Sin embargo, no todo lo relacionado con el amor es necesariamente benéfico para la salud. El desamor, las rupturas o las relaciones conflictivas pueden generar estrés emocional intenso, que se traduce en efectos físicos reales. La ciencia reconoce que experiencias emocionales extremadamente dolorosas pueden desencadenar un fenómeno conocido como síndrome del corazón roto (o miocardiopatía de Takotsubo), en el que el estrés emocional intenso provoca debilitamiento temporal del músculo cardíaco, simulando síntomas de un infarto. Más allá de casos extremos, el dolor afectivo prolongado altera la liberación de cortisol la hormona del estrés y puede elevar la frecuencia cardíaca y la presión arterial, afectando la calidad de sueño, el estado de ánimo y el sistema inmunológico. Por ello, emociones intensas no solo se "sienten" en la mente, sino que también se manifiestan en el cuerpo.
Cómo celebrar el amor cuidando tu salud:
Este próximo 14 de febrero es una oportunidad para reconocer el valor de las relaciones humanas desde una perspectiva de salud. No solo se trata de gestos románticos, sino de cultivar vínculos que favorezcan nuestro bienestar emocional y físico. Algunos consejos prácticos y saludables incluyen:
· Expresar afecto con gestos que promuevan conexión y calma, como abrazos prolongados, que liberan oxitocina y reducen el estrés físico.
· Compartir experiencias saludables, como una caminata al aire libre, una comida equilibrada o una actividad recreativa que fortalezca lazos y active sistemas neuroquímicos positivos.
· Cuidar el consumo de alimentos azucarados o excesivos en celebraciones, pues aunque los chocolates y dulces son habituales en estas fechas, su ingesta elevada puede afectar negativamente el metabolismo y el corazón.
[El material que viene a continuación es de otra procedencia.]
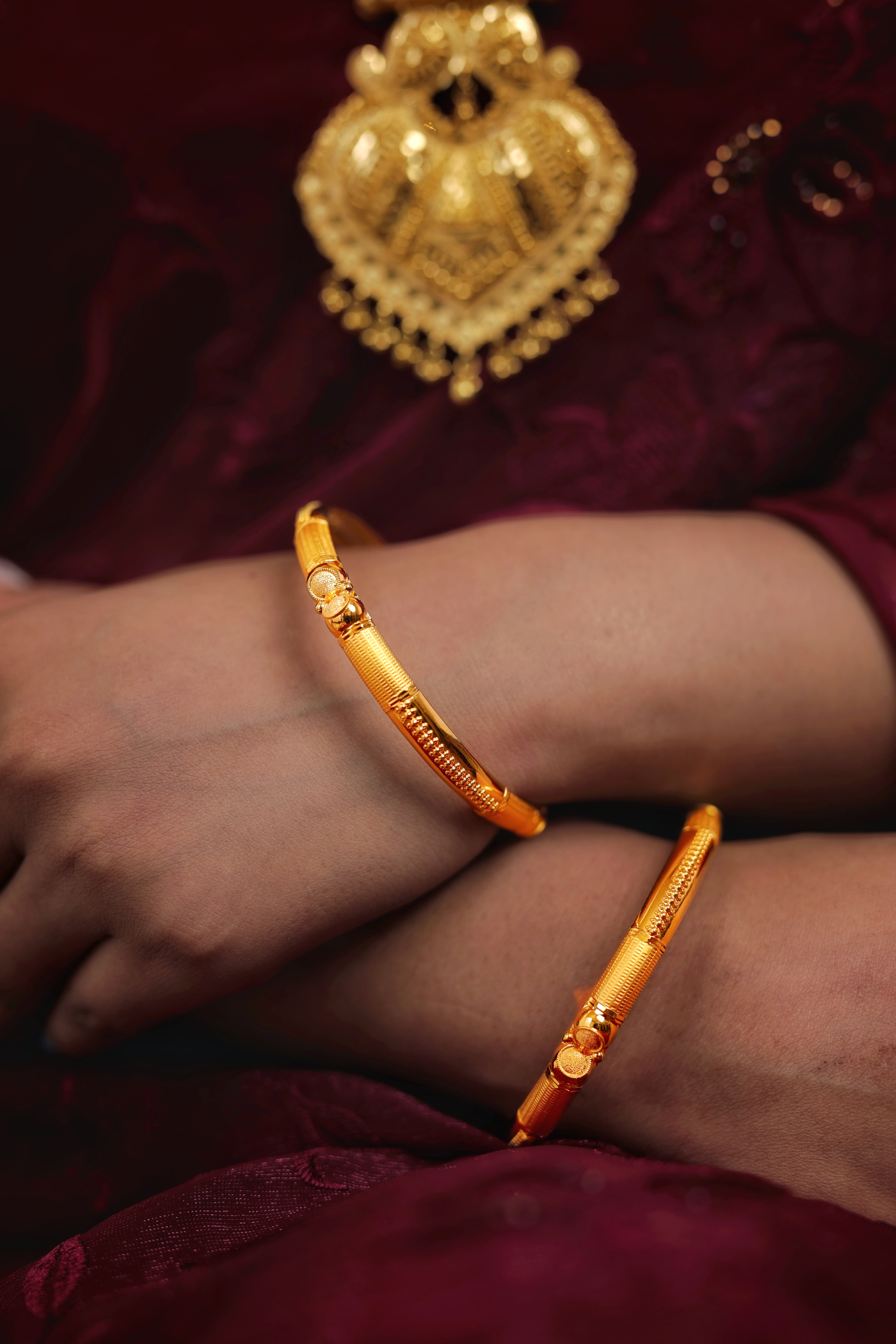 Elegant classic gold bangles featuring fine textured detailing, perfect for traditional wear, festive occasions, and daily styling.

· Recordar que la amistad y el amor propio también importan: conexiones con amigos, familiares o incluso práctica de autocuidado emocional tienen efectos positivos medibles en la salud global.
Reflexión final:
El corazón literal y el corazón simbólico. En este Día del Amor y la Amistad, vale la pena reflexionar sobre cómo nuestras emociones influyen en nuestro organismo de formas que van más allá de lo metáforico. El amor en sus muchas expresiones desencadena respuestas neuroquímicas y fisiológicas reales que afectan nuestro bienestar físico y mental. Así como cuidamos nuestra salud cardiovascular con ejercicio y alimentación adecuada, es igualmente importante cuidar nuestros vínculos afectivos y emocionales, pues estos tienen un impacto profundo en cómo vivimos, sentimos y envejecemos. Celebrar el amor no es solo intercambiar regalos en un día señalado, sino cultivar relaciones saludables que favorezcan nuestra salud integral todos los días del año. Cuando el amor es fuente de bienestar, también se convierte en un motor para una vida más saludable, plena y resiliente.